#### Your instructions
Going from the top of the listing below to the line that holds "Lotto composto da", reproduce each line exactly; no pictures.

↓

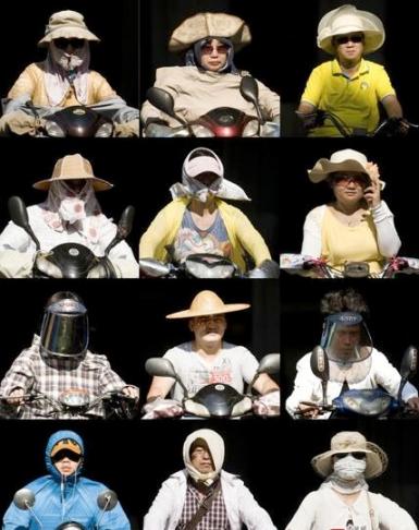 Je rentre de Chine et on me parle de la chaleur torride du Québec la semaine dernière. Cela me rappelle que, quant à moi, je trouve le climat québécois, avec ses quelques canicules annuelles, bien confortable. Ci-dessous, une photo fort intéressante sur les moyens auxquels les Chinois ont recours pour se protéger de la chaleur et des rayons de soleil (quand ils traversent la pollution et les nuages).
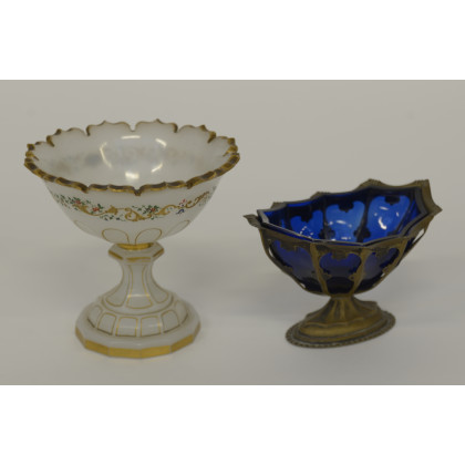 Lotto composto da un'alzatina in opaline e una in metallo argentato con vaschetta in vetro (difetti)
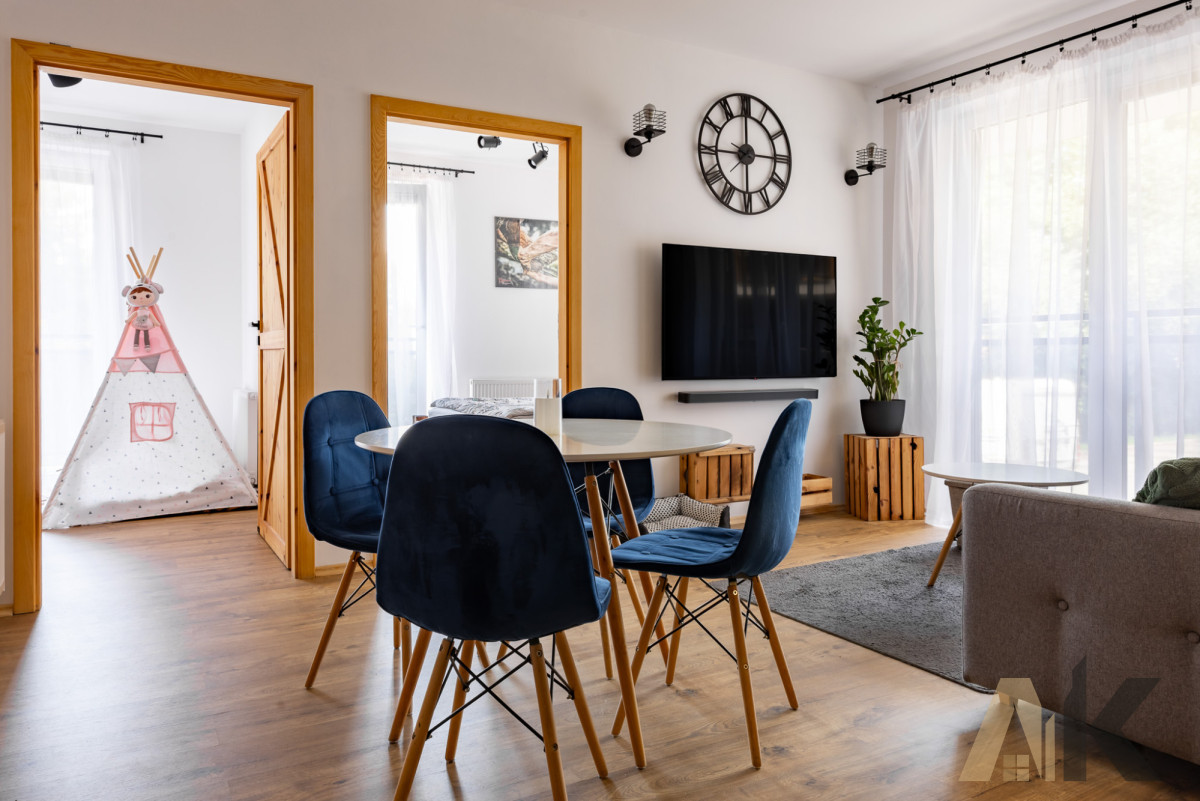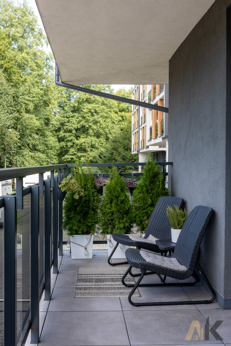Mieszanie o powierzchni całkowitej 53,58 m2 (powierzchnia użytkowa 51,24 m2) znajduje się na wysokim parterze - dodatkową powierzchnią jest balkon, na który wyjdziemy z dwóch sypialni. Nieruchomość mieści się w budynku o nowoczesnej architekturze i wyposażeniu wyjątkowym standardzie, a także w otoczeniu zieleni. Drewniane elementy wystroju idealnie komponują się z nowoczesnymi kolorami.
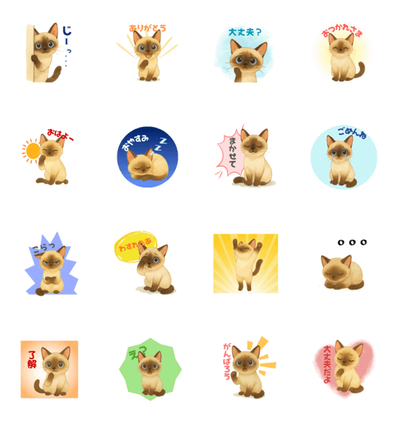 シャム猫のスタンプです。挨拶、リアクション、応援など幅広く使えます。シンプルで使いやすいので、誰に送っても喜ばれる万能スタンプです。
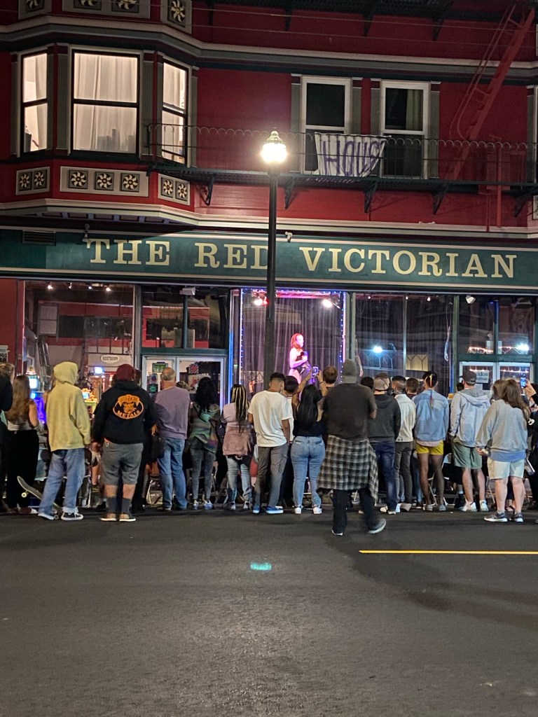 In the middle of the party, Rene, Rachel and I stepped out to watch a drag show on Haight Street. There were some dancers putting on a show for charity through the window of The Red Victorian. We stayed back to avoid the crowd and it was quite the festive show – I’ll take anything out of the box during COVID!
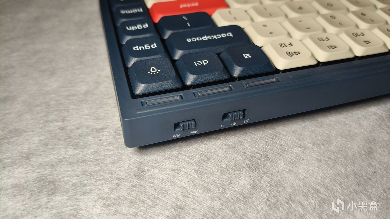 連接撥杆和模式切換撥杆放在了右上端,同時將鍵盤指示燈放在了撥杆上方部分,既讓指示燈處於一個並不突兀的地方同時還能和左側的金屬銘牌呼應,對稱美學這塊算是被skn拿捏了。
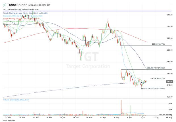 That opens the door back down to the $138 to $140 area, which has been support thus far amid the pullback. Notably, Target stock finally filled the gap from August 2020.
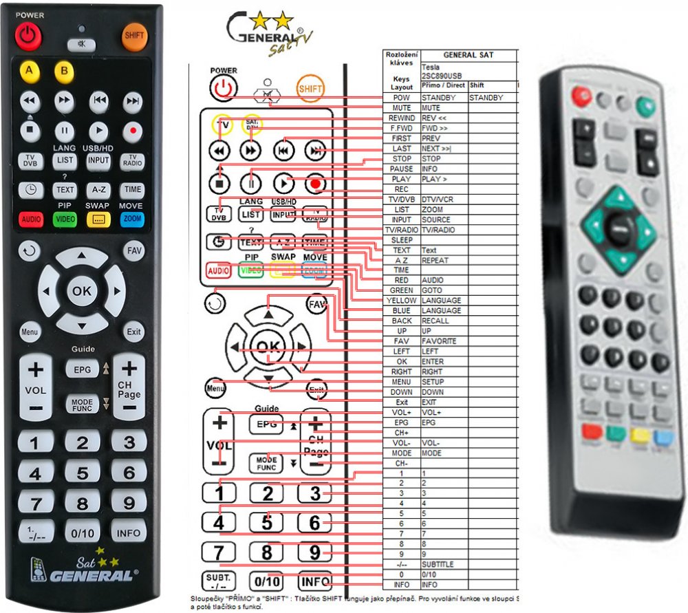 Náhradní dálkový ovladač TESLA DVB-T 2SC890 (DVBT 2SC890) - 100% náhrada 1:1 za originální dálkový ovladač. Dálkový ovladač byl vyvinut speciálně na míru pro tyto modely značky TESLA:2SC890, 2SC890USB. (Nemusí zde být uvedeny úplně všechny kompatibilní modely. Pokud si nejste jisti, sdělte nám svůj model (použijte online chat, e-mail, telefon), neprodleně zkontrolujeme a ověříme, zda je tento ovladač kompatibilní s Vaším přístrojem. Za poskytnutou informaci ručíme.) Ovladač je dodáván ve verzi značkového dálkového ovladače General SAT/TV (zobrazen vlevo). Garantujeme Vám, že dostanete ovladač, který plně nahradí Váš původní originální ovladač a bude mít naprosto všechny funkce stejné.Není to univerzální ovladač, ale ovladač, který je naprogramován a přímo určen pro modely přístrojů uvedené výše. Není třeba žádné párování, žádné kódy. Obdržíte od nás ovladač, který je připraven k použití - jediné, co musíte udělat, je vložit baterie a ovladač hned funguje. Podívejte se na obrázek ovladače a ujistěte se, že jsou v tabulce všechny funkce jako na původním originálním ovladači. Jedná se o plnohodnotný náhradní dálkový ovladač (není to „univerzál“). Má naprosto všechny funkce přesně jako originální ovladač. Záruční lhůta na ovladač je 3 roky. Dodáván také jednoduchý návod s mapováním funkcí. DOPLŇKOVÁ FUNKCE: Tento dálkový ovladač je možno naprogramovat na 1 další přístroj. Budete moci jedním ovladačem ovládat oba přístroje (např. SAT+TV nebo SAT+DVD apod). Pokud nám do komentáře v objednávce napíšete model dalšího přístroje, naprogramujeme Vám ovladač na oba. Za tuto doplňkovou službu bude naúčtován příplatek k ceně ovladače 50 Kč: více informací
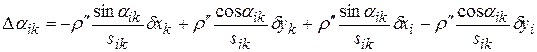 где δzi – поправка в ориентирующий угол z0 на i -том пункте, ξi , ηi, ξk, ηk – поправки в дециметрах в приближенные координаты xi0, yi0; xk0, yk0 пунктов i и k, т.е. ξ = 10δx, η = δy; δx, δy – поправки в метрах.
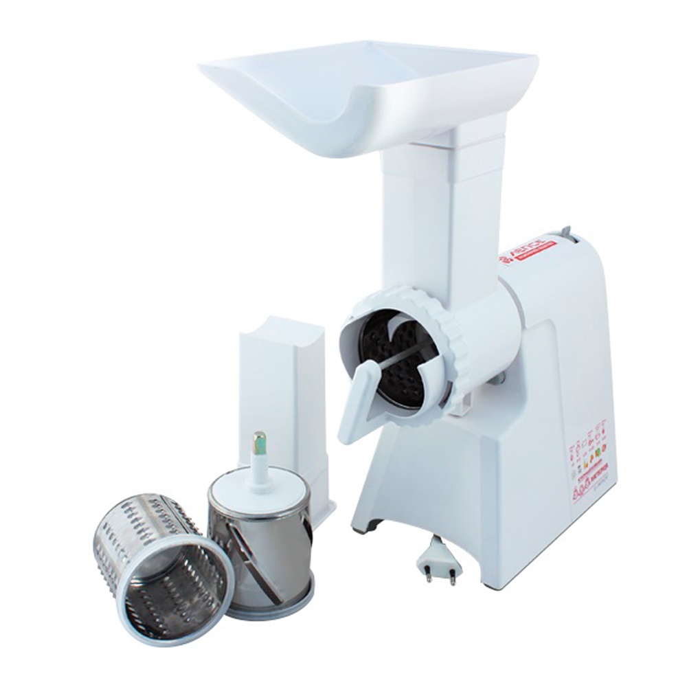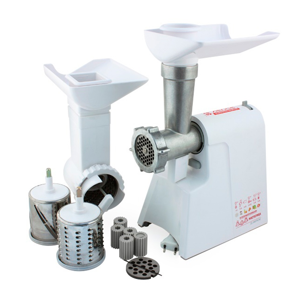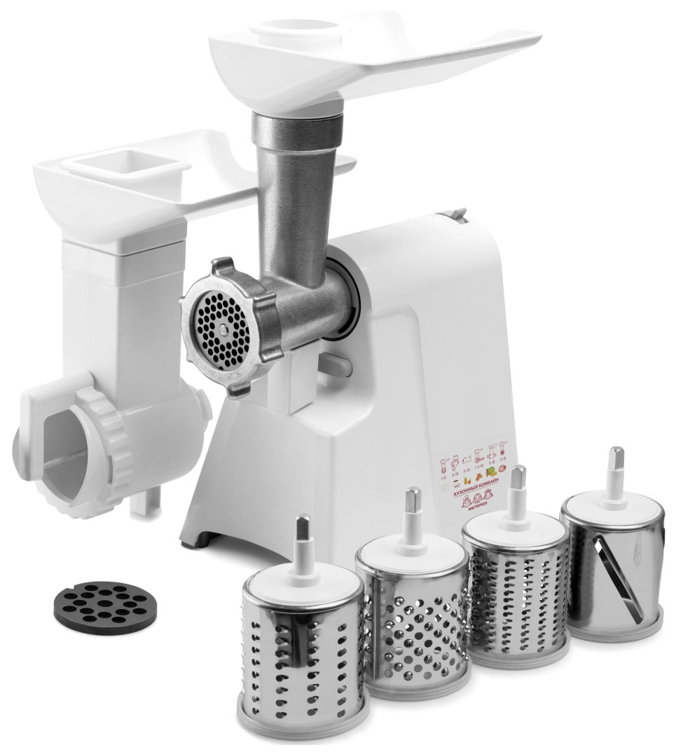 Мясорубка Мастерица КЭМ-02 станет незаменимой помощницей на кухне практичной хозяйки. Максимальная мощность такого устройства составит 600 Вт. С помощью этой мясорубки можно переработать за час 40 кг. В комплект входят пять запасных переходников, два перфорированных диска (4.4 мм, 7 мм) и три барабана для шинкования и перетирания продуктов с отдельным толкателем и лотком.
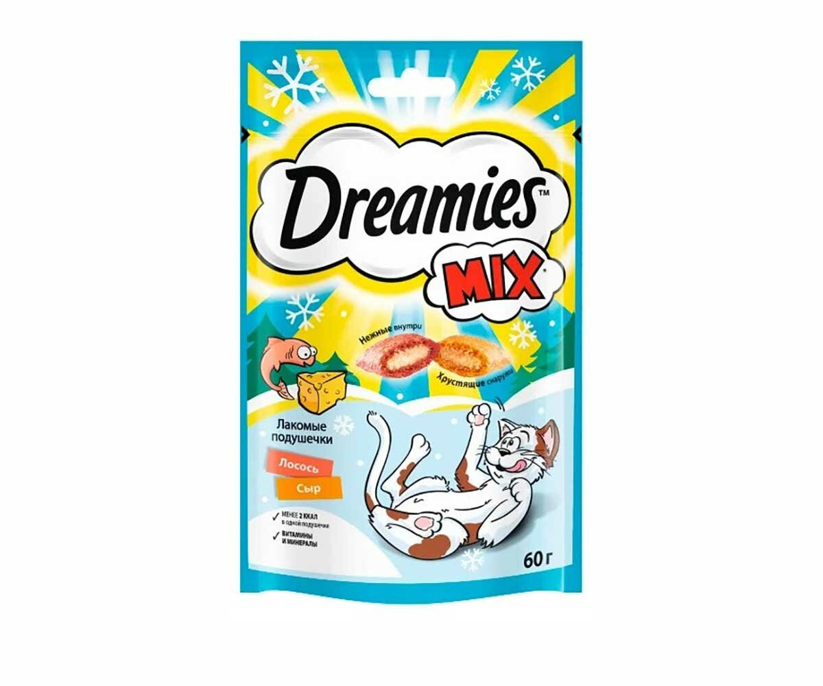 Dreamies MIX лакомство для кошек, подушечки с лососем и сыром (6шт в уп) 60 гр
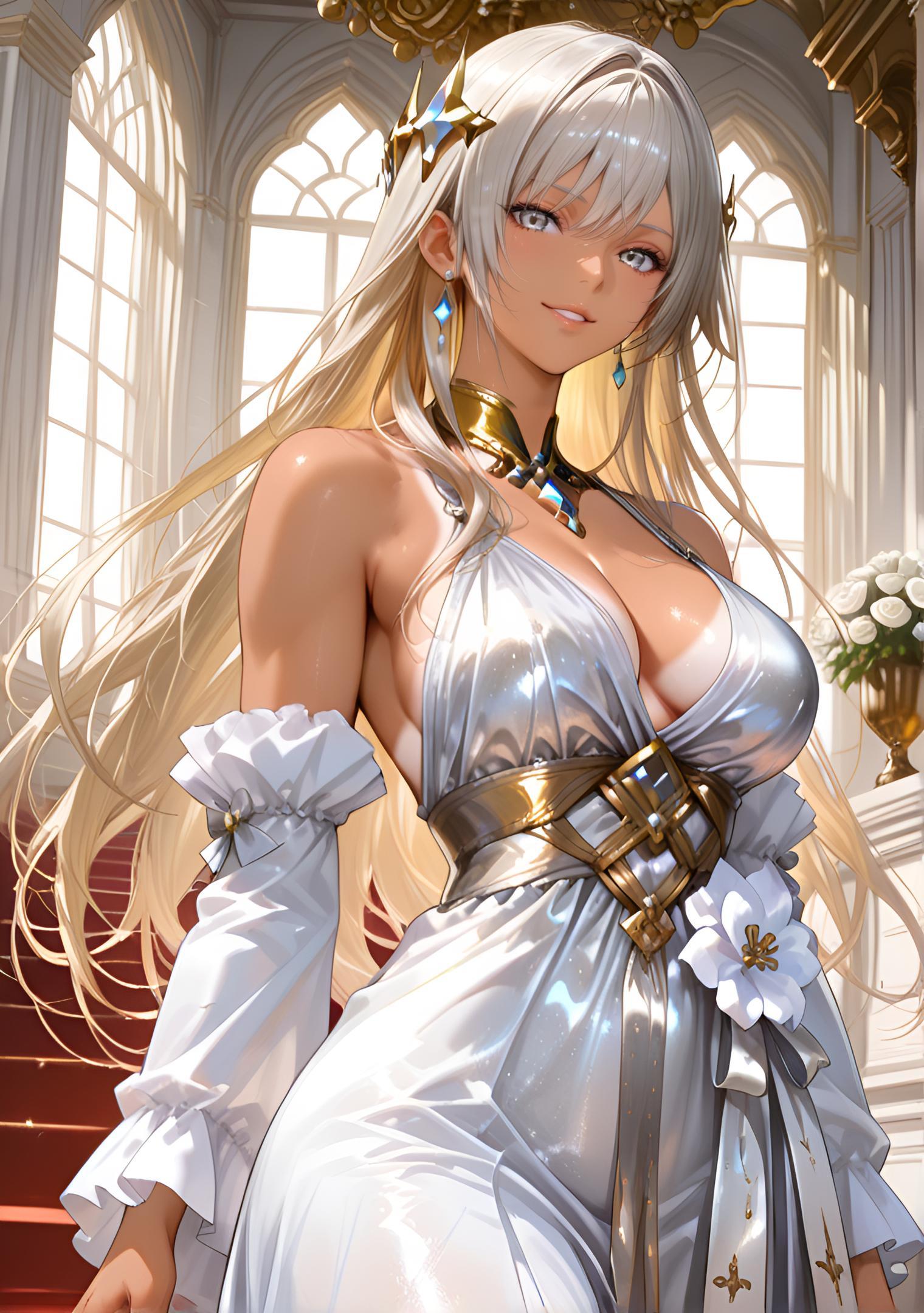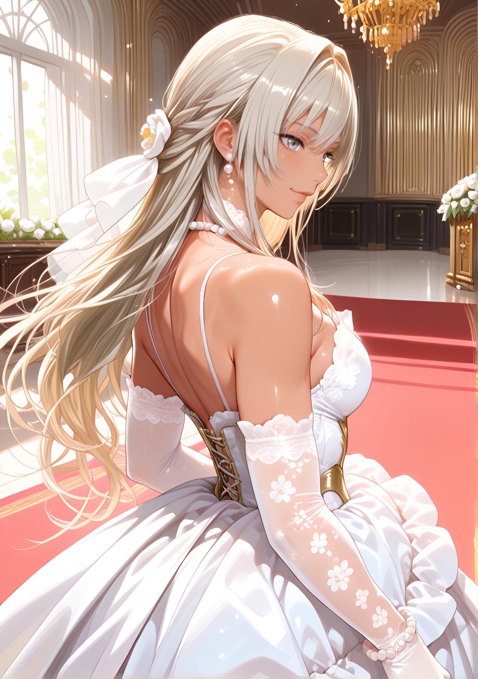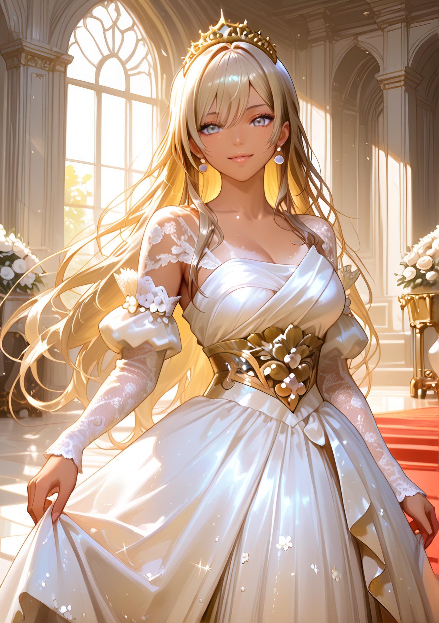 silver-white satin A-line gown with jeweled waistline, diamond hairpiece, drop earrings # 上質なシルバーホワイトのAラインドレス
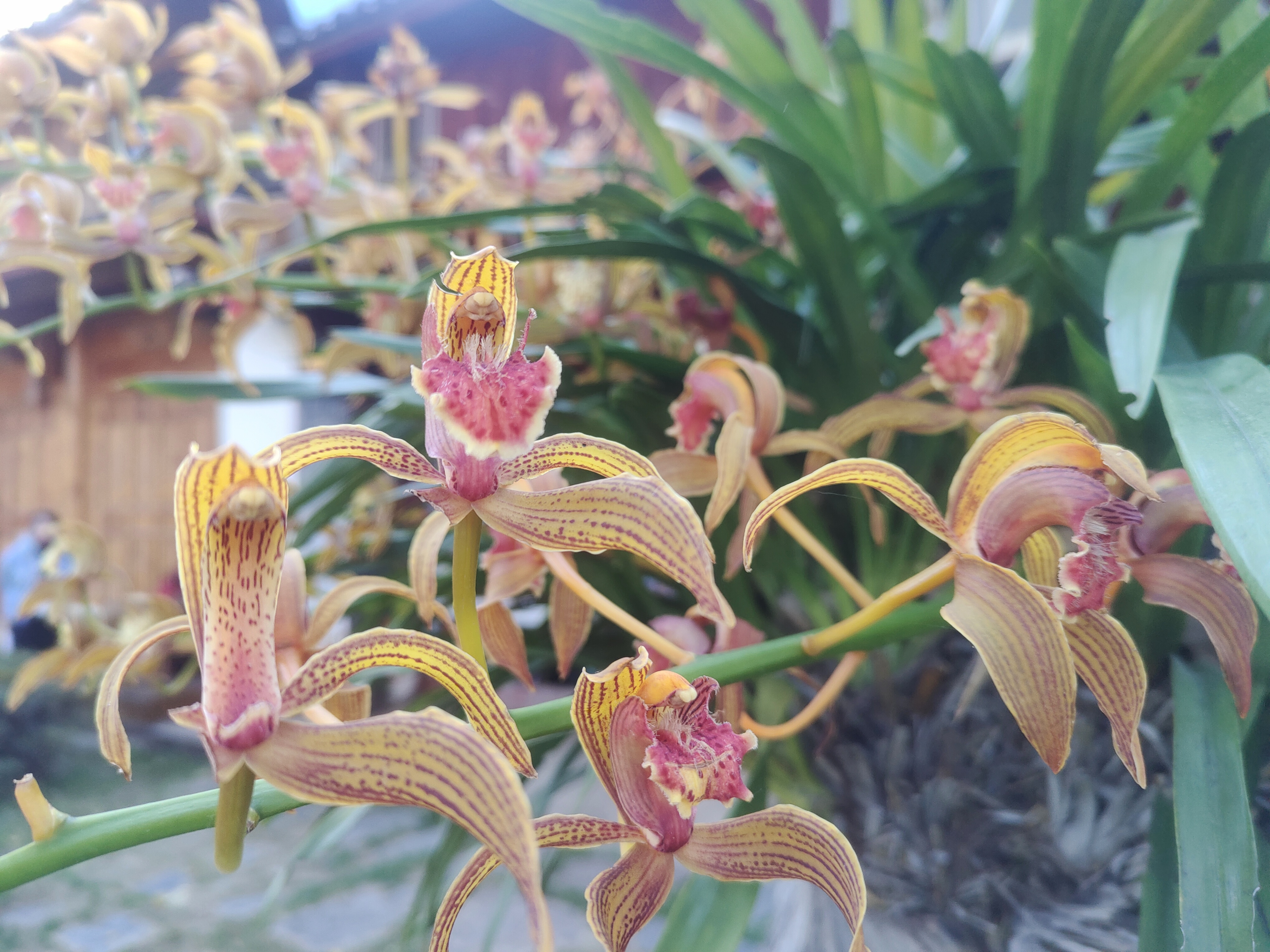 大花蕙兰的花语寓意为丰盛祥和,高贵雍容。它的花色多,花型也丰满,叶片都是比较翠绿的,看上去很精神,能给人一种典雅优美的气质,是一种好兆头的花卉。大花蕙兰是中国兰花的重要品种,外形美观,历史悠久,对中华文化的传承和传播具有重要意义。
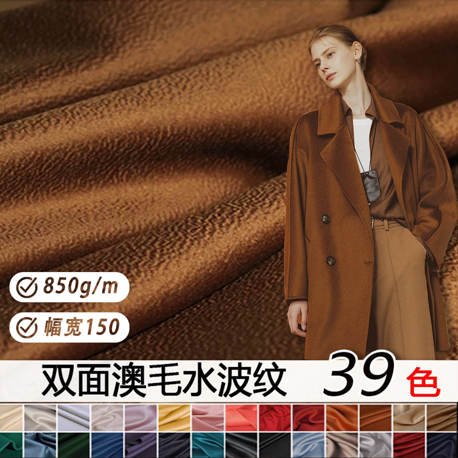 2025双面水波纹羊绒面料桑蚕丝羊毛大衣秋冬双层毛呢服装纯色布料

↑

#### Finished task
 Je rentre de Chine et on me parle de la chaleur torride du Québec la semaine dernière. Cela me rappelle que, quant à moi, je trouve le climat québécois, avec ses quelques canicules annuelles, bien confortable. Ci-dessous, une photo fort intéressante sur les moyens auxquels les Chinois ont recours pour se protéger de la chaleur et des rayons de soleil (quand ils traversent la pollution et les nuages).
 Lotto composto da un'alzatina in opaline e una in metallo argentato con vaschetta in vetro (difetti)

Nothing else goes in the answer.